## WHAT TO PRODUCE
Give back, exactly as written, the lines from the first line of the data below through the line with "Szórakoztató 3D puzzle", and omit the pictures.

[PROVIDED RECORDS Boundary: Start]

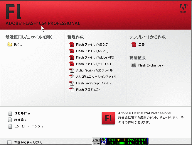 インストールに苦労した。DVD2枚のインストールディスクだが、1枚目の途中で進まなくなった。市販のソフトでインストールに失敗したのは初めてだ。必要構成を見直してみると、敷居は高い。次の日、QuickTimeをインストールした後、CS4のインストールは止まることはなかった。2枚目のディスクでアクセス音がカシャカシャとうるさかったが、インストールは成功した。
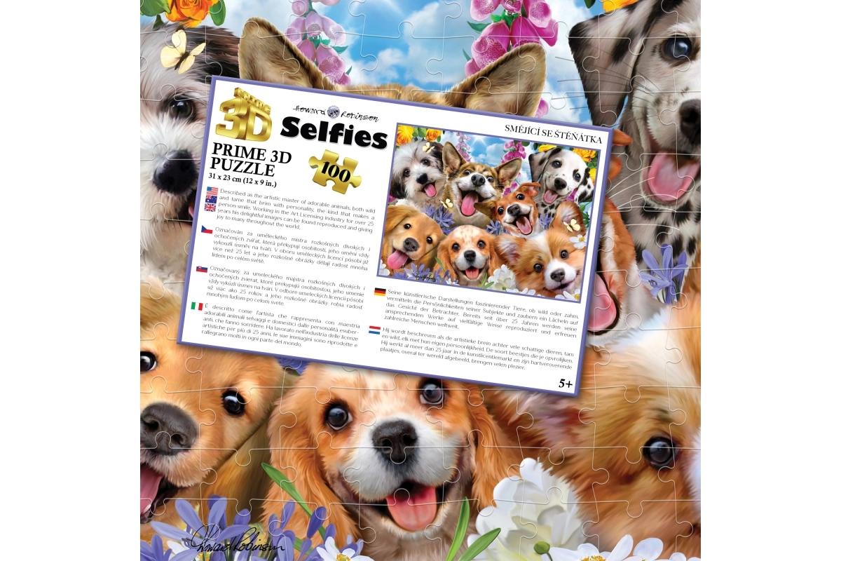 Szórakoztató 3D puzzle bájos, mosolygó kiskutya motívummal, amely örömet szerez a kis állatkedvelőknek. 100 darabot tartalmaz, támogatja a finommotorika, a türelmet és a térbeli képzelőerőt fejlesztését. Összeállítás után 31 × 23 cm méretű kép készül, 5 éves kortól ajánlott.
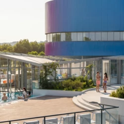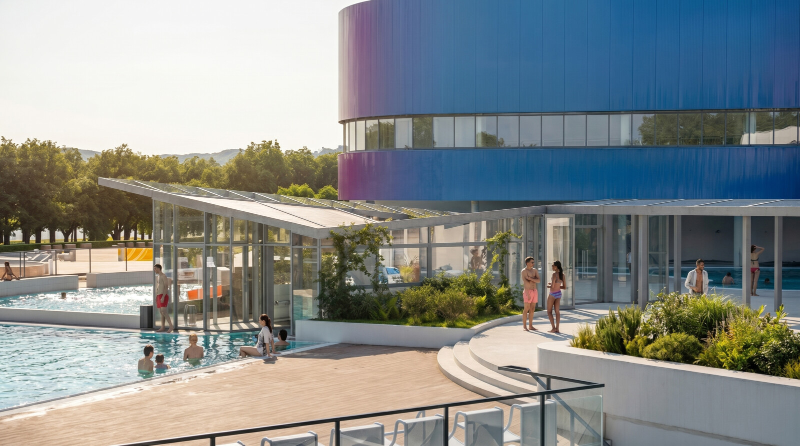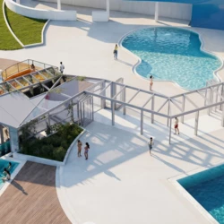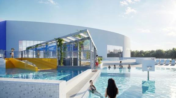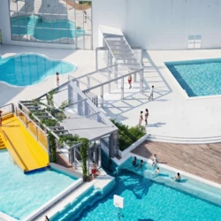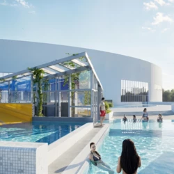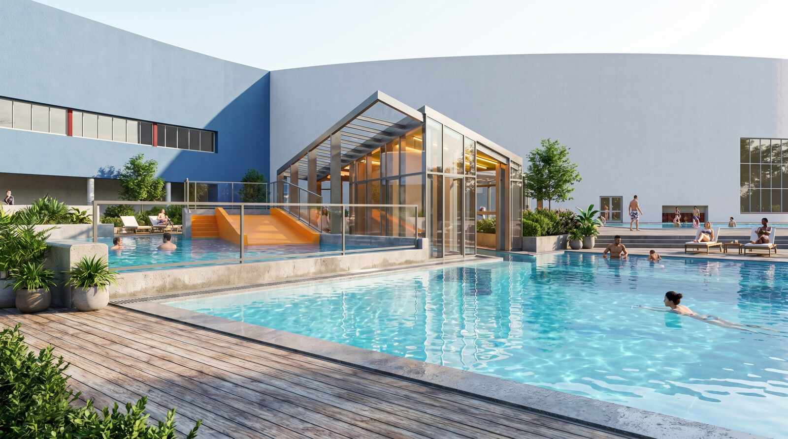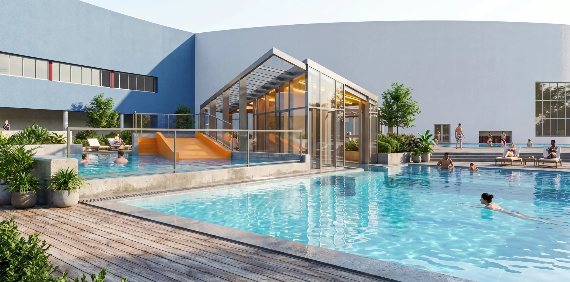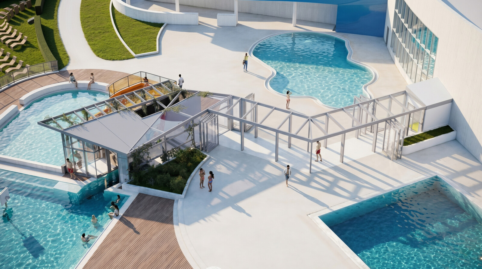 The design proposes the development of two complementary pool basins: a seasonal children’s paddling pool and a year-round recreational pool with water attractions. The terraced layout enables a clear functional distinction while creating an engaging and well-structured spatial composition. The children’s zone is linked to the existing area for the youngest users and the seasonal bar, while the year-round pool—located on an elevated terrace—provides direct access to the main hall via a glazed, covered connector.
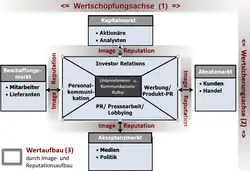 - die Kommunikation mit Anteilseignern und Akteuren des Kapitalmarktes, um die benötigte Liquidität für den Wertschöpfungsprozess abzusichern und Wachstum zu finanzieren (Finanzkommunikation).
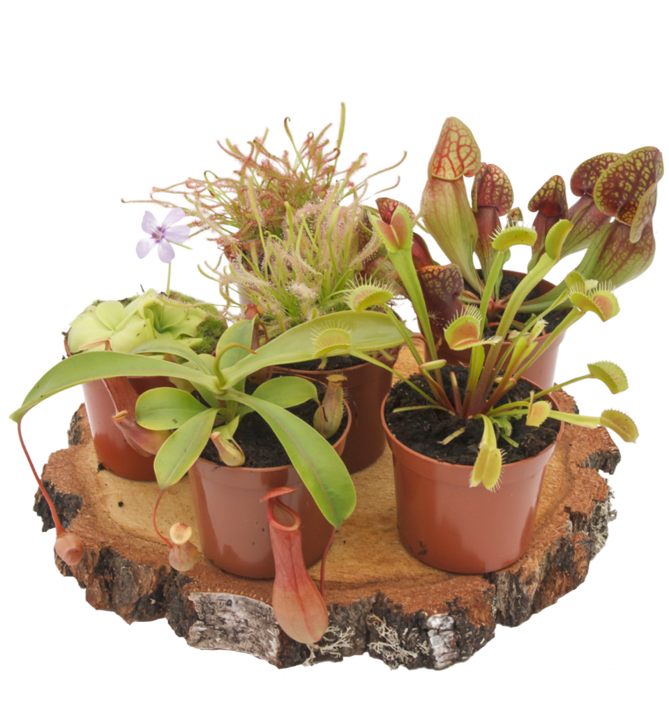 Profiteer van onze pakketten met vleesetende planten! Een mix van soorten zoals Venus vliegenval, Zonnedauw en Bekerplant – meer variatie voor minder geld.
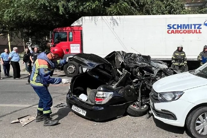 Около 15:00 на улице Соколовая у дома № 76 столкнулись грузовик Man и две Lada Granta. Фото © Служба спасения Саратовской области
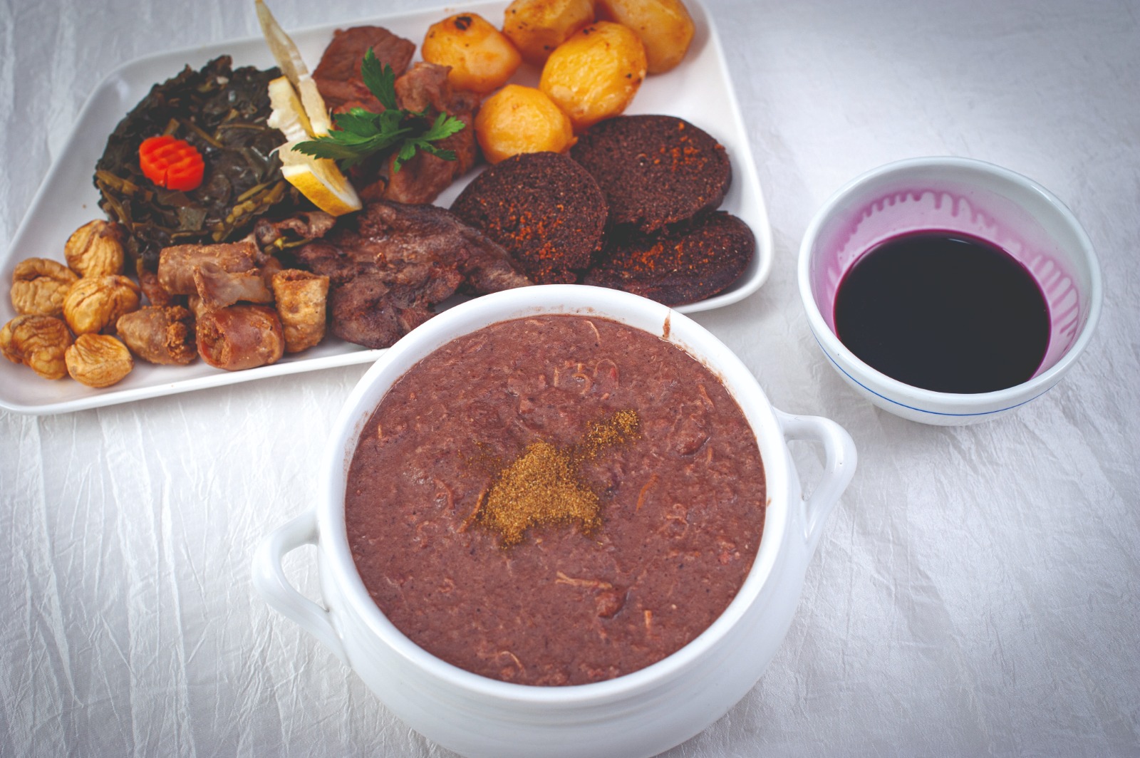 As papas de sarrabulho e rojões são tradicionalmente servidas no inverno, aquando da matança do porco e são um prato feito à base de carnes desfiadas (vaca, porco e galinha), sangue de porco e miolo de pão de trigo. As papas de sarrabulho servem de acompanhamento aos rojões de porco frito com batata e morcela (sangue de porco cozido).

[PROVIDED RECORDS Boundary: End]

## REPLY TO THE EXERCISE
 インストールに苦労した。DVD2枚のインストールディスクだが、1枚目の途中で進まなくなった。市販のソフトでインストールに失敗したのは初めてだ。必要構成を見直してみると、敷居は高い。次の日、QuickTimeをインストールした後、CS4のインストールは止まることはなかった。2枚目のディスクでアクセス音がカシャカシャとうるさかったが、インストールは成功した。
 Szórakoztató 3D puzzle bájos, mosolygó kiskutya motívummal, amely örömet szerez a kis állatkedvelőknek. 100 darabot tartalmaz, támogatja a finommotorika, a türelmet és a térbeli képzelőerőt fejlesztését. Összeállítás után 31 × 23 cm méretű kép készül, 5 éves kortól ajánlott.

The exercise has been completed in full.